TASK BRIEF: When writing out the entries below, keep only the lines from the line with "Банкетка Круглая деревянная" to the line with "在2023年的前六个月,全国", both included, exactly as they are, and leave the pictures aside.

DATA TO EXAMINE:
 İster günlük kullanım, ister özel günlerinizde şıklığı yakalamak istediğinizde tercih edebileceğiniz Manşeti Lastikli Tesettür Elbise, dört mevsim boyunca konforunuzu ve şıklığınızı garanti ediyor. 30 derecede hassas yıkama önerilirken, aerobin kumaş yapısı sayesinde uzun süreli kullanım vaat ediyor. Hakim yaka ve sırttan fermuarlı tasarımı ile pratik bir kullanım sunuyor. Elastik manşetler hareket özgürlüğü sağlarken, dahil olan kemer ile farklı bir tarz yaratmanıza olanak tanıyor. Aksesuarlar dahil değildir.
* * *
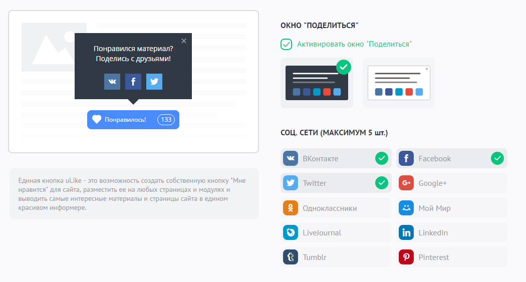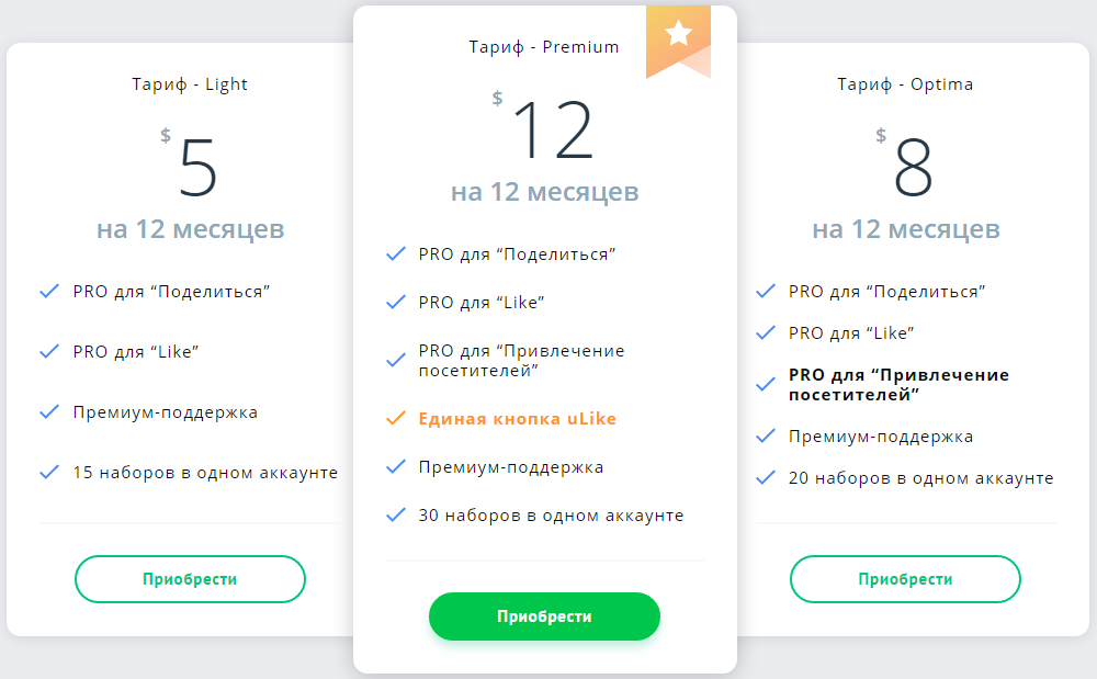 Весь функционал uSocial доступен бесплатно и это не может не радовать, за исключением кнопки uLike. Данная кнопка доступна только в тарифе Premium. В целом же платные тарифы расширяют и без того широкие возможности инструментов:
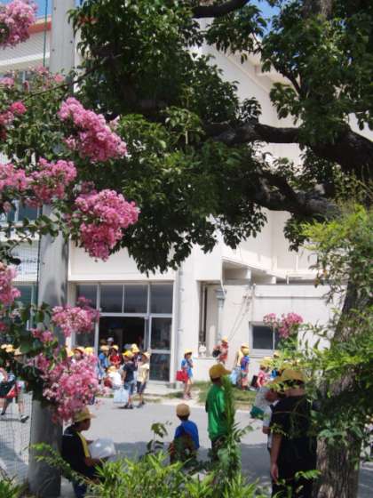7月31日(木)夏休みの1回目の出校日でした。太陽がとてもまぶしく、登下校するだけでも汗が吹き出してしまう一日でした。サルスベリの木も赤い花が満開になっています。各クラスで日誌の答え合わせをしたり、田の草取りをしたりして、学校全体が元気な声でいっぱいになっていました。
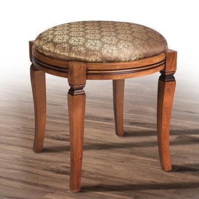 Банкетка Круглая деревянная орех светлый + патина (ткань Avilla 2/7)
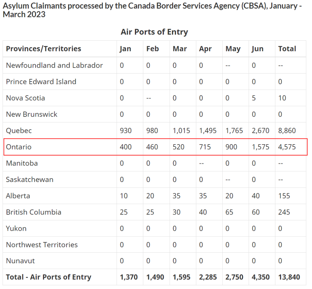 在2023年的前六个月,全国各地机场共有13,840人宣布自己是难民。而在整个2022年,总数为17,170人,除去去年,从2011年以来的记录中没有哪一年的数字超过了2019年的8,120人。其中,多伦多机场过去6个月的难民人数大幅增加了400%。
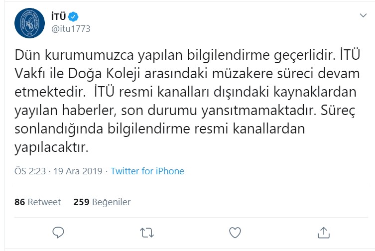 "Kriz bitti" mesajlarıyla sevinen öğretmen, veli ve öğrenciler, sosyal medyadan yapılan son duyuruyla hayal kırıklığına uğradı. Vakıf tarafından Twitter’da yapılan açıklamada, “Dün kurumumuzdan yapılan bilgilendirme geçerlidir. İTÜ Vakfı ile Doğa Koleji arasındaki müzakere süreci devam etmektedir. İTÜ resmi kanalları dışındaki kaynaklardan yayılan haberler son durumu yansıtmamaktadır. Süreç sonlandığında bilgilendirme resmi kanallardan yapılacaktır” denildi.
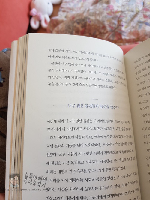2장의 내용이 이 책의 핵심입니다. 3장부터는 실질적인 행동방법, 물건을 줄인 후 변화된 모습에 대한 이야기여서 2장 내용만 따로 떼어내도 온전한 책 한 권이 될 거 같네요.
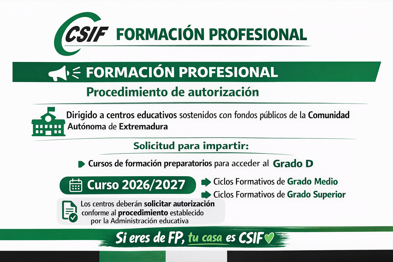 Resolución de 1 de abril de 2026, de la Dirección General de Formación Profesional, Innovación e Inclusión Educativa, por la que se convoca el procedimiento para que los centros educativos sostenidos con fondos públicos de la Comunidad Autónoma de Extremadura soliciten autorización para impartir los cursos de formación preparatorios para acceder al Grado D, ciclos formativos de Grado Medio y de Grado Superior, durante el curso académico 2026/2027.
...
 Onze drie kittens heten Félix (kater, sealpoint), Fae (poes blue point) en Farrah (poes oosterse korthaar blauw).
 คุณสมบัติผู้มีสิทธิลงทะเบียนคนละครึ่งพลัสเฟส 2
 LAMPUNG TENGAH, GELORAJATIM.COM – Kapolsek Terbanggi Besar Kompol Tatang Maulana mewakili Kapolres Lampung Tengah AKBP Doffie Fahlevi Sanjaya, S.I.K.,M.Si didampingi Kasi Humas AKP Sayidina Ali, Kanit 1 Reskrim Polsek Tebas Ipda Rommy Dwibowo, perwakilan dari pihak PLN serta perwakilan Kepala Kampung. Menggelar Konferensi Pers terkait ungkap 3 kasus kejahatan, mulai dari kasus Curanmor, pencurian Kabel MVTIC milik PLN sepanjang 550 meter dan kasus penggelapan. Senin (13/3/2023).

OUTPUT OF THE EXERCISE:
 Банкетка Круглая деревянная орех светлый + патина (ткань Avilla 2/7)
 在2023年的前六个月,全国各地机场共有13,840人宣布自己是难民。而在整个2022年,总数为17,170人,除去去年,从2011年以来的记录中没有哪一年的数字超过了2019年的8,120人。其中,多伦多机场过去6个月的难民人数大幅增加了400%。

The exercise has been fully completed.